‘What do you want people to say about you at your funeral?’ is a question I ask my students often.
They find it confronting, which it’s meant to be.
Once we discuss it for awhile, everyone sharing what they think, I then say, ‘now go out and live your life so that they will say all those things about you!’
We are not on this earth for a long time. I’m sure. like me, you know people who have not made it to old age, their life cut short when they had so much more to live and contribute.
Don’t leave this plane with things undone, words unsaid and goals unconquered.
How do you want people to remember you?
What do you want them to say at your funeral?
This poem The Dash, written by Linda Ellis in 1996, is the perfect explanation for what I want to generate in this discussion.
The Dash
I read of a man who stood to speak at a funeral of a friend. He referred to the dates on the tombstone from the beginning…to the end.
He noted that first came the date of birth and spoke of the following date with tears but said what mattered most of all was the dash between those years.
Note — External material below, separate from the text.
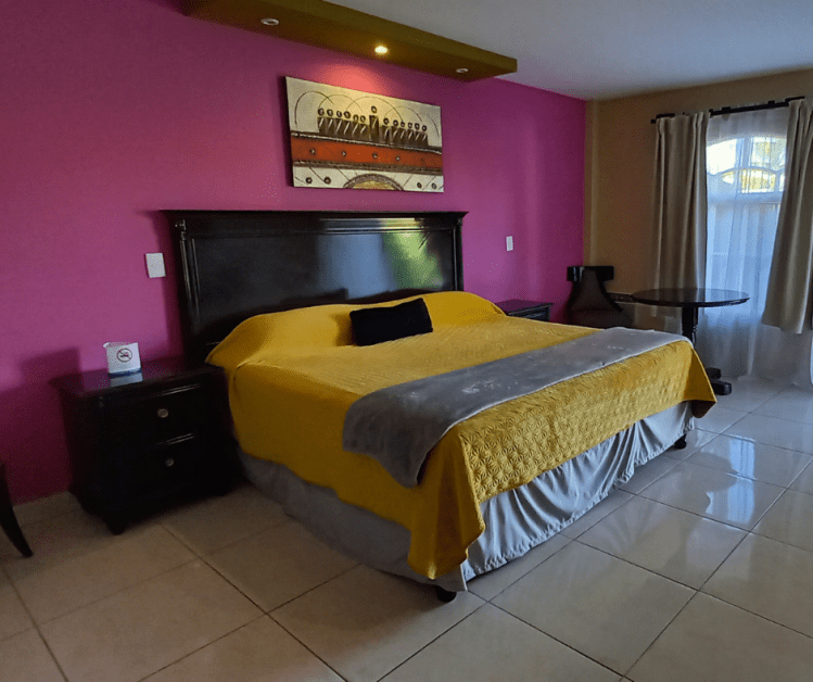La habitación es más amplia cuenta con una cama king size, baño equipado, secadora de cabello, closet, 2 sillas, una mesa, 2 cobertores, tocador con espejo, aire acondicionado, alfombrado, televisión y una ventana para apreciar una hermosa vista

For that dash represents all the time they spent alive on earth and now only those who loved them know what that little line is worth.
For it matters not, how much we own, the cars…the house…the cash. What matters is how we lived and loved and how we spend our dash.
So, think about this long and hard; are there things you’d like to change? For you never know how much time is left that still can be rearranged.
To be less quick to anger and show appreciation more and love the people in our lives like we’ve never loved before.
If we treat each other with respect and more often wear a smile…remembering that this special dash might only last a little while.
So, when your eulogy is being read, with your life’s actions to rehash, would you be proud of the things they say about how you lived your dash?